Problem requirements: A verbatim restatement of the data, free of pictures, is what you should output.

Stored data:
● ● ● ● ●

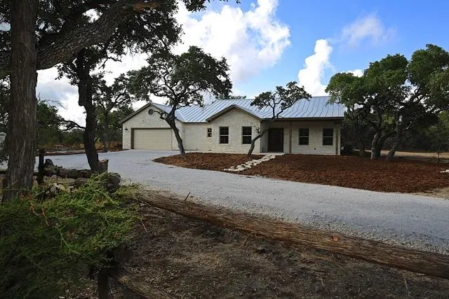 Beautiful new construction with Blanco River Access! Home features cabinets galore and granite countertops in kitchen, metal roof, fireplace, garage door opener, tile floors, covered back porch, partial fenced, breakfast area, dining room, large utility room, and pantry. Looking for some elbow room this property has it including chip & seal driveway, and partial fenced. The 1.05 acre lot has a variety of hardwoods scattered throughout. Private River Park through Home Association provides access to the crystal clear waters of the Blanco River.
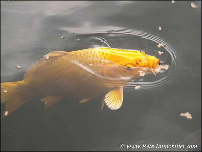 Extérieur: Cour à usage de parking d'accueil, bassin Koi 6x3m avec animation de jets d'eau éclairés + bassin à poissons 5x2m avec cascade (filtration, aération &
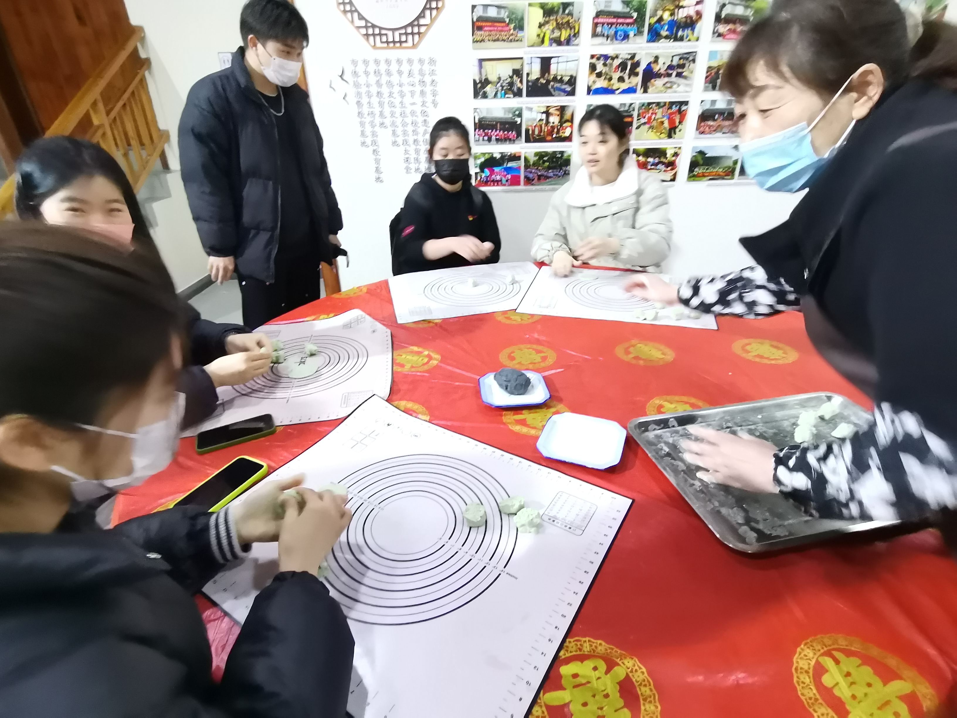 中国人讲究“敬天惜物”,四时八节,应季而点,是先人对时令的尊崇和敬畏。王升大博物馆每月都有按当季时令来制作米食的传统主题活动。此次活动中,党支部的同学还跟随老师的指导一起擀皮、包馅,制作青团。时令米食蕴含了丰富多彩的民俗文化,党员同志们在感受传统文化魅力的同时,也懂得了爱惜粮食、珍惜劳动成果,为树立良好人生观、价值观,获得了感性认识。
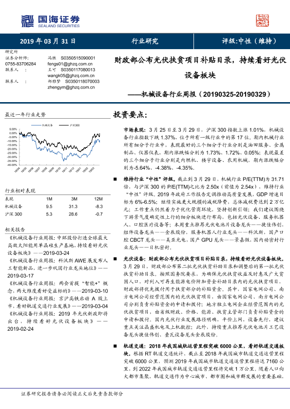 【国海证券】【20190331】机械设备行业周报:财政部公布光伏扶贫项目补贴目,持续看好光伏设备板块-24页
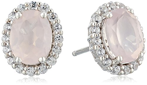-. Title : Sterling Silver Oval Rose Quartz with Created White Sapphire Halo Stud Earrings
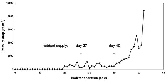 Visually, excessive accumulation of biomass on the perlite was observed as well as an increasing pressure drop after each application of nutrients (Figure 4), with the result being a partial clogging of the filter bed. If nutrient supply and concentration will, to some extent, improve the elimination capacity of a biological reactor, it will nevertheless also enhance microbial growth and initiate a pressure drop increase, as observed in the experiment. A reasonable pressure drop is crucial for optimal performance of the biotrickling filter because it directly impacts the energy required to drive air through the bioreactor, which is a substantial part of the operating costs. A long-term pressure drop under the recommended value of 700 Pa m−1 packing material is suggested [6], but in Figure 5 it can be seen that the pressure drop exceeded 8000 Pa m−1, at which point the experiment had to be discontinued. Potential methods, such as backwashing, for removing excess biomass in biotrickling filters have been identified and discussed [8] but could not be implemented with the available equipment in this work.
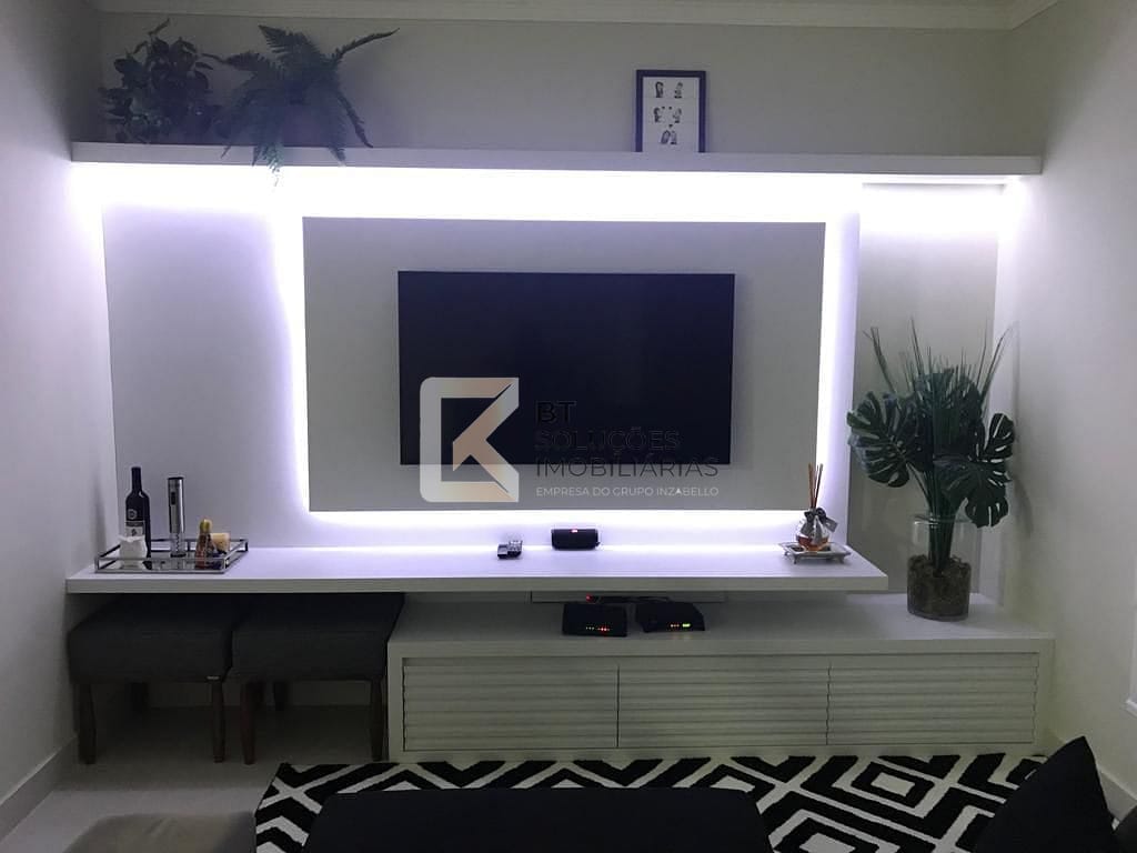 Ampla sala de estar com móvel planejado e iluminação em LED

● ● ● ● ●

Output for this exercise:
 Beautiful new construction with Blanco River Access! Home features cabinets galore and granite countertops in kitchen, metal roof, fireplace, garage door opener, tile floors, covered back porch, partial fenced, breakfast area, dining room, large utility room, and pantry. Looking for some elbow room this property has it including chip & seal driveway, and partial fenced. The 1.05 acre lot has a variety of hardwoods scattered throughout. Private River Park through Home Association provides access to the crystal clear waters of the Blanco River.
 Extérieur: Cour à usage de parking d'accueil, bassin Koi 6x3m avec animation de jets d'eau éclairés + bassin à poissons 5x2m avec cascade (filtration, aération &
 中国人讲究“敬天惜物”,四时八节,应季而点,是先人对时令的尊崇和敬畏。王升大博物馆每月都有按当季时令来制作米食的传统主题活动。此次活动中,党支部的同学还跟随老师的指导一起擀皮、包馅,制作青团。时令米食蕴含了丰富多彩的民俗文化,党员同志们在感受传统文化魅力的同时,也懂得了爱惜粮食、珍惜劳动成果,为树立良好人生观、价值观,获得了感性认识。
 【国海证券】【20190331】机械设备行业周报:财政部公布光伏扶贫项目补贴目,持续看好光伏设备板块-24页
-. Title : Sterling Silver Oval Rose Quartz with Created White Sapphire Halo Stud Earrings
 Visually, excessive accumulation of biomass on the perlite was observed as well as an increasing pressure drop after each application of nutrients (Figure 4), with the result being a partial clogging of the filter bed. If nutrient supply and concentration will, to some extent, improve the elimination capacity of a biological reactor, it will nevertheless also enhance microbial growth and initiate a pressure drop increase, as observed in the experiment. A reasonable pressure drop is crucial for optimal performance of the biotrickling filter because it directly impacts the energy required to drive air through the bioreactor, which is a substantial part of the operating costs. A long-term pressure drop under the recommended value of 700 Pa m−1 packing material is suggested [6], but in Figure 5 it can be seen that the pressure drop exceeded 8000 Pa m−1, at which point the experiment had to be discontinued. Potential methods, such as backwashing, for removing excess biomass in biotrickling filters have been identified and discussed [8] but could not be implemented with the available equipment in this work.
 Ampla sala de estar com móvel planejado e iluminação em LED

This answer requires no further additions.